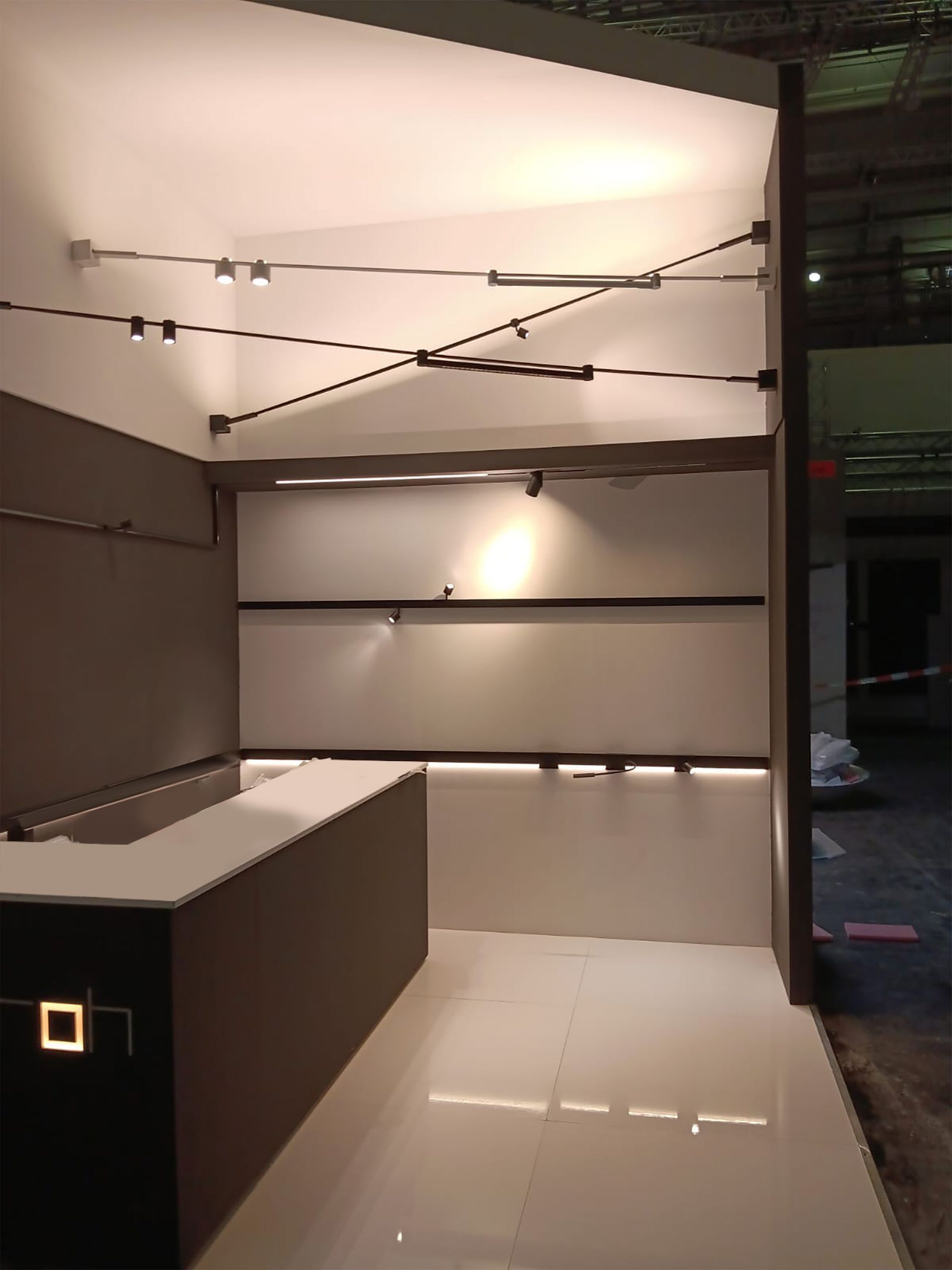 Un piccolo stand elegante, sviluppato in ogni angolo per creare diverse atmosfere con il solo utilizzo della luce.
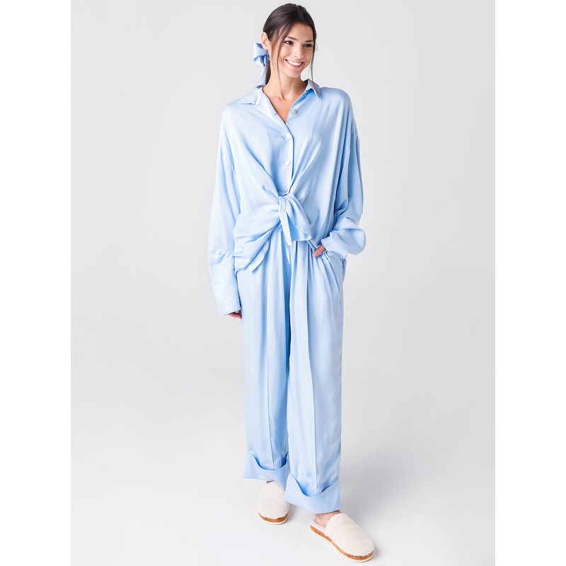 DESCRIPTION:Sleep soundly and be fabulous in the Sleeper Women's Sizeless Viscose Pajama Set, this set is a versatile option for your feel-good wardrobe!FEATURES:Pajama Set; 2-PieceButton-Down BlouseLong SleeveSelf-Tie HemElasticated WaistbandWide LegDrape
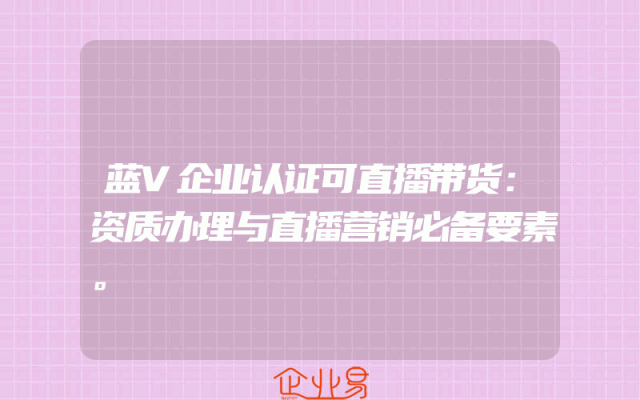 - 蓝V企业认证可直播带货:资质办理与直播营销必备要素。
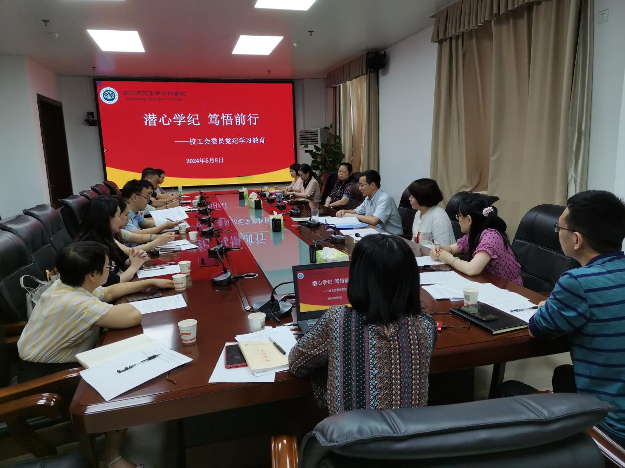 5月8日下午,校工会组织全体“三委”委员在旗山校区综合楼九楼会议室召开党纪学习教育集中学习会。校党委副书记、工会主席林旻、副校长谢敏峰参加会议。
++++++
**WHAT YOU NEED TO DO:**
Please set down the whole listing exactly, apart from the pictures.

**WRITTEN ANSWER:**
 Un piccolo stand elegante, sviluppato in ogni angolo per creare diverse atmosfere con il solo utilizzo della luce.
 DESCRIPTION:Sleep soundly and be fabulous in the Sleeper Women's Sizeless Viscose Pajama Set, this set is a versatile option for your feel-good wardrobe!FEATURES:Pajama Set; 2-PieceButton-Down BlouseLong SleeveSelf-Tie HemElasticated WaistbandWide LegDrape
 - 蓝V企业认证可直播带货:资质办理与直播营销必备要素。
 5月8日下午,校工会组织全体“三委”委员在旗山校区综合楼九楼会议室召开党纪学习教育集中学习会。校党委副书记、工会主席林旻、副校长谢敏峰参加会议。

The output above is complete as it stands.